September Magic: Milwaukee's Favorite Brew

The Brewers have risen from the dead with another spectacular September run—and dragged their tortured fans along with them
Lucas Abbeglen
Tue, October 1, 6:37 AM EDT

The Brewers have risen from the dead with another spectacular September run—and dragged their tortured fans along with them.

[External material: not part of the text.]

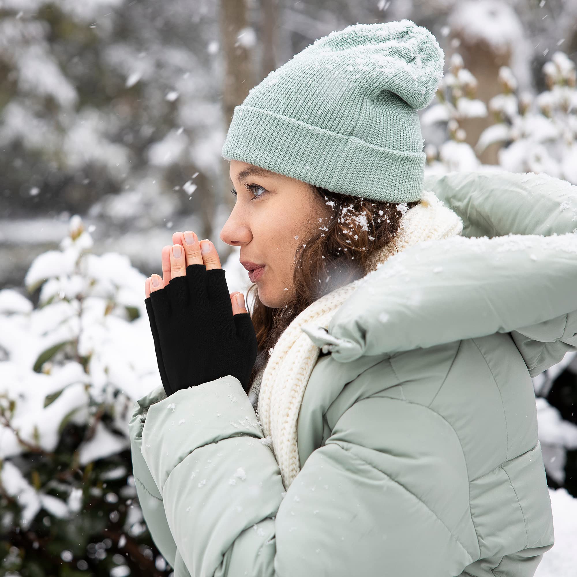 Fingerless gloves: the fingerless design makes fingers move flexibly when you are work, answering calls, exercising and typing easy and efficient, also convenient for your wearing on and off

On September 5th, things weren’t looking so good for the Milwaukee Brewers. Things were looking pretty bad, actually. After coming within a game of a World Series appearance in 2018, the injury-ravaged Brewers were sitting at 71-68, 7.5 games out of first place, and barely treading water to stay above .500. Baseball-reference.com gave them a 3.1% chance of reaching the postseason.

Then, it got worse.

After the Brew Crew injected a little bit of life into their playoff hopes by winning their next four, Christian Yelich fouled a ball off his kneecap, fracturing it and effectively ended his MVP-contending season. It was a devastating blow to the Brewers; a devastating blow to baseball. Just when Milwaukee was beginning to believe again, the Yelich injury news hurtled down like a cement block onto a tiny, budding flower. He had been carrying his team on offense night after night, and taking him out of their lineup in the middle of a playoff push felt like clipping the wings off a bird and still expecting it to fly. But the Brewers found a way, winning 11 of their next 16, storming into the playoffs and restoring the hope of a better baseball future to their devoted fanbase.

Missing out on the playoffs with their current roster would have been a grim pill to swallow for Milwaukee fans. Small market teams have small windows for contention—without the free-agent pull of cities like Boston and Chicago, talented rosters are few and far between. The Brewers have only made the playoffs two consecutive seasons once before, and that was almost 40 years ago. With solid players up and down the roster, led by the reigning MVP and pitching cheat-code, Josh Hader, the time to win is now for Milwaukee. And so, securing a playoff spot didn’t just gift Milwaukee the typical revelry of October baseball, it carried something deeper, something fans have been craving for decades: sustained success.

To be clear, Milwaukee loves their Brewers no matter what. Even in the down years, the Brew Crew faithful still fill the seats at Miller Park. Despite being the second-smallest market in the MLB, Milwaukee ranks eighth in average attendance. This season is important because, finally, it seems the Brewers are starting to love them back. It’s not just winning, it’s statements like this from Christian Yelich. The Brewers are building a brand of pride—in their city and in their fans. Their players, coaches, and front office are on a clear mission to keep the Crew in the mix for years to come and set the tone that missing the playoffs is unacceptable. With their September rampage they showed the rest of the league that even without their MVP they are not to be trifled with.

On Tuesday they face the red-hot Nationals in DC and will have to deal with a lethal Scherzer/Strasburg one-two punch. Still, a wild card loss could never take away from what they accomplished this season. Riddled with injury and losing hope, Milwaukee stared into the abyss and didn’t blink. Where many teams would have packed it in and looked ahead to next year, they doubled down and fought even harder to earn their place in the postseason. And look out, the Brewers might just have a little extra magic left over to keep it going in October: no matter what’s on tap in the Cream City, there’s always enough to go around.